This seems like an excellent use of AI (assuming, as always, that it provides accurate and reliable information). It can help ordinary people understand their obligations in handling an estate at lower cost and less time. I imagine that many court systems will look to implement this type of AI technology in the near term.

Indiana courts find interesting new applications for technology

The beginning of each calendar year is the prime time for State of the Judiciary addresses, an opportunity for each state’s Chief Justice to personally address legislators, request needed resources, and champion the court system’s accomplishments.

This year, Indiana Chief Justice Loretta Rush highlighted some fascinating technological developments in her court system. One involved a pilot project that uses AI to generate transcripts in mental health commitment cases. Transcripts are now available in minutes rather than months. This is critical because many commitment decisions are appealed, and in the ordinary case transcripts take so long to generate that the appeal cannot be heard until the period of commitment has passed, effectively denying a party the right of appeal. The new technology expedites the entire process and adds a meaningful appeal option in these difficult cases.

The second development is the creation of an integrated system for sharing data on the statewide jail population. Indiana currently has 20 different jail management software systems, which were not necessarily able to talk to each other. (This sounds incredible, but given the long history of local courts being tied to their county systems rather a statewide court management system, it’s still not all that surprising.) The new system will allow the sharing of critical information, including fingerprint data.

The Indiana legislature will have to fully fund the jail software to the tune of $3 million, and has not committed to it yet. But the developments are interesting and noteworthy, and seemingly highly beneficial for both court administration and public safety.

Judges in Harris County, Texas seek additional courts

The population of Harris County, Texas, which encompasses Houston and its environs, has swelled to nearly five million in recent years. Its local judges are seeking seven additional non-felony district courts for the county in order to keep up with the associated increase in case filings.

Houston Public Media reports:

The proposed expansion includes three new civil courts, three family courts and one juvenile court. According to Judge Latosha Lewis Payne, administrative judge for the county’s 67 district courts, the shortage of non-felony courts has led to increased legal costs and delays in case resolutions.

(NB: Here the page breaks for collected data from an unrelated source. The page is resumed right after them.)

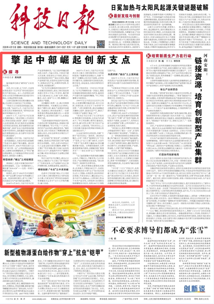 4月13日,《科技日报》头版头条刊发报道《擎起中部崛起创新支点》,具体内容如下。
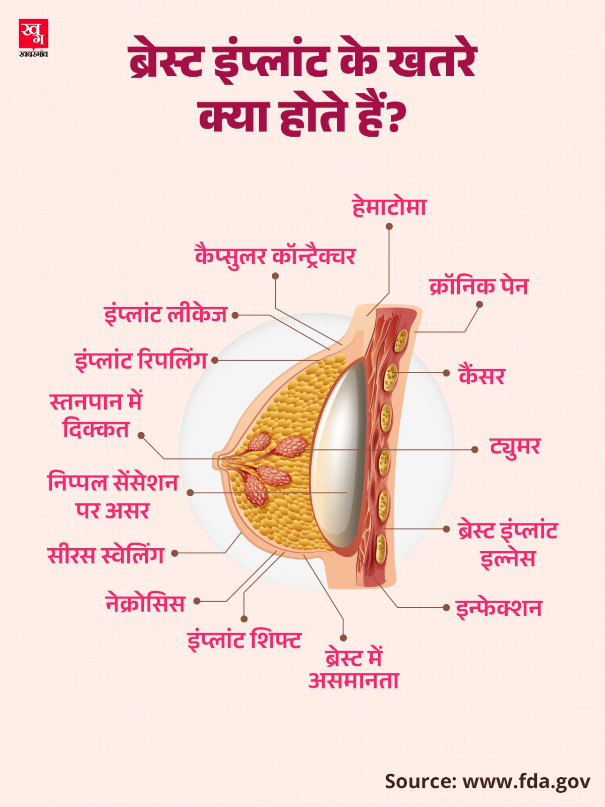 US फूड एंड ड्रग एडमिनिस्ट्रेशन ने दिसंबर 2023 में एक रिसर्च तैयार की थी। रिसर्च में कहा गया था, 'ब्रेस्ट इंप्लांट के तत्काल बाद निप्पल एरिया में सूजन और रेडनेस नजर आ सकती है। इंप्लांट के घिसने और फटने का खतरा हमेशा बना रहता है। निप्पल और स्तन की संवेदनशीलता में बदलाव आता है। इम्प्लांट को कवर करने वाले टिश्यू सख्त हो जाते हैं। ब्रेस्ट इम्प्लांट की वजह से ब्रेस्ट एसोसिएटेड एनाप्लास्टिक लार्ज सेल लिम्फोमा भी हो सकता है, यह एक दुर्लभ कैंसर है। कुछ मरीजों में ब्रेस्ट इम्प्लांट के बाद बैक पेन, मांसपेशियों में खिंचाव और जोड़ों का दर्द उभरता है। मरीजों को हमेशा ऐसा फील होता है कि सीने पर कुछ रखा है।'
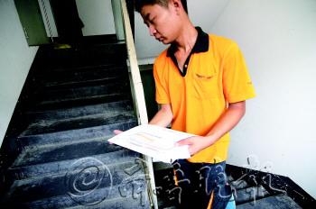 | 车内没有空调,温度达到40℃以上,党新手臂上全是汗水。 |  | 烈日当头,党新花5块钱买了份凉皮躲在车厢里吃了起来。 |  | 今天上午要送的包裹和快递就有满满的一大箱。 |  | 大学录取通知书要保证送到本人手中,党新正在认真整理。 |  | 送快件每天爬楼是不可避免的。 |  | 每天都要打上百个电话,一年用坏了三部手机。 |

While six new felony courts were created last year, the county’s judicial system is still stretched thin, according to Payne, as no new non-felony district courts have been created in more than 50 years.

“We want to advocate for a balance and to address the needs of all of the aspects of the Harris County judiciary and the justice system,” Payne said. “All of our divisions are equally important.”

The request will need to go the state legislature for consideration.